Reacting to an expert's negative comments about insurance companies' use of catastrophe models, industry representatives said carriers have improved their use and understanding of models since Hurricane Katrina.

Their comments came in response to a speech by Karen Clark, president of Karen Clark and Company and a pioneer in the modeling field. Ms. Clark said in a recent speech that insurers have become too reliant on catastrophe models when deciding which risks should be cancelled and which ones are acceptable.

She is not the only recent critic of catastrophe modeling use. A regulator this week suggested models had an excessive impact on rating firms and insurer rate requests.

Bob Detlefsen, vice president for public policy at the National Association of Mutual Insurance Companies (NAMIC), said he does not see an industrywide overuse of cat models, but he acknowledged that their use has become more prominent.

Mr. Detlefsen said that while some insurers may possibly be relying too heavily on them, "from what I hear, it's a matter of how they weigh the results that the models produce relative to those more traditional underwriting factors."

"It's not that they've abandoned them in favor of models, but for some insurers the models are becoming more prominent in their calculations than was the case before Katrina," he noted.

After Katrina, Mr.
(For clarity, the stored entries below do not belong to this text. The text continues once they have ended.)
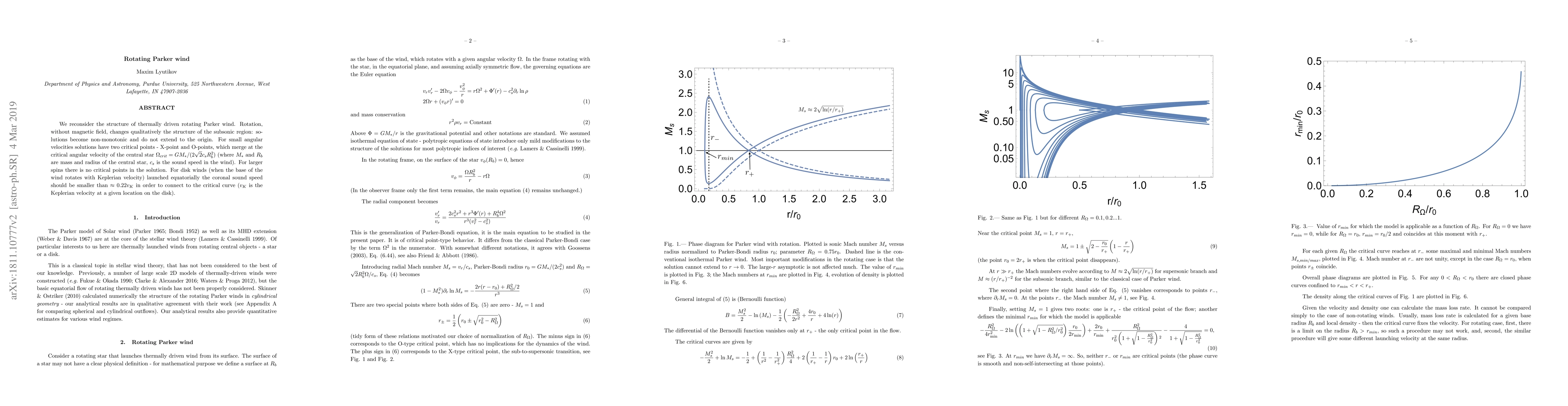 We reconsider the structure of thermally driven rotating Parker wind. Rotation, without \Bf, changes qualitatively the structure of the subsonic region: solutions become non-monotonic and do not extend to the origin. For small angular velocities solutions have two critical points - X-point and O-points, which merge at the critical angular velocity of the central star $\Omega_{crit} = G M_\ast/(2 \sqrt{2} c_s R_{b}^2)$ (where $M_\ast$ and $R_{b}$ are mass and radius of the central star, $c_s$ is the sound speed in the wind). For larger spins there is no critical points in the solution. For disk winds (when the base of the wind rotates with Keplerian velocity) launched equatorially the coronal sound speed should be smaller than $\approx 0.22 v_K$ in order to connect to the critical curve ($v_K$ is the Keplerian velocity at a given location on the disk).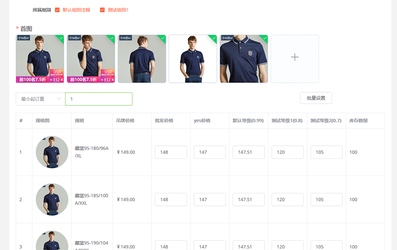 分销价格是按等级价格的形式显示,运算逻辑是等级价格=吊牌价格*折扣。该页面的批发价格和Yes价格给分销价格做参考,也支持在该页面对于批发价格和Yes价格进行修改,与商品管理中的数据同步。如有批量修改价格的需求,可以点击批量设置,针对当前页面的所有sku数据进行批量维护。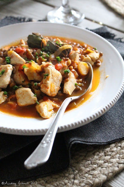 Les lentilles sont connues pour leur apport en fibre, en fer et en sels minéraux, le poulet pauvre en matière grasse et donc peu calorique

Detlefsen said, insurers may have drawn the conclusion that "relying on historical loss data is something that has to be supplemented by a technique like modeling that takes into account future trends."

He noted that models help insurers account for prospective factors other than weather, including increased concentration of population along the coast.

Mr. Detlefsen said that models can tell an insurer how many people will be living in an area five or ten years from now, what structures may look like, etc. This information, he noted, can't be captured relying on historical loss data.

Debra Ballen, executive vice president, public policy management for the American Insurance Association (AIA), pointed out that insurers also have a better understanding of how to use models than they did in the past.

She said decisions are not based solely on data reported by a model. "My understanding is that the actuarial standards of practice don't allow a company to...pick up a model and pluck it into its ratemaking without [understanding] what the model is and also understanding what the appropriate risk is."

Matthew Grant, chief markets officer at Risk Management Solutions (RMS), a modeling company, said that before 2005, communication between people using the models and senior management at insurance companies was worse than it is today.

He said senior management didn't challenge those using the models to see where there may be gaps in the model results.

Today, he noted, "the quality of people using models continues to get better and better." The users are sophisticated now, and more educated in how to use and apply model data. Senior management, too, is now asking the right questions, he added.

Mr. Detlefsen and Ms. Ballen also agreed that there is pressure from rating agencies and reinsurers to incorporate cat modeling into their underwriting.

At the recent Standard & Poor's Insurance-Linked Securities Conference in New York, South Carolina Insurance Director Scott Richardson delivered a scathing attack on the way rating agencies use cat model results to pressure regulators into approving large rate hikes.

Mr. Richardson, using A.M. Best Co. rating agency as an example, said "they came into one of our companies" in South Carolina and said that if the company wanted to write in catastrophe areas, then it needed enough surplus to be able to withstand two 100-year storms and one additional catastrophe event to retain its ratings.

Noting that regulators had always looked at one 1-in-100-year event as the standard, he added, "I don't have to explain to all of you that there's a huge difference between two and one 1-in-100-year events."

Both Ms. Ballen and Mr. Grant agreed with Ms. Clark's comments about the importance of properly understanding models.

Ms. Ballen said there needs to be consistency with respect to exactly how models are used "so that there isn't disconnect between, for example, a reinsurer's evaluation of what the model means and the insurer's evaluation, because that isn't going to work."

Mr. Grant said that models are sophisticated, and that it is important for users to understand what level of uncertainty there is in the results. The output, he said, is "not simply black and white," and different levels of uncertainty exist depending on varying factors.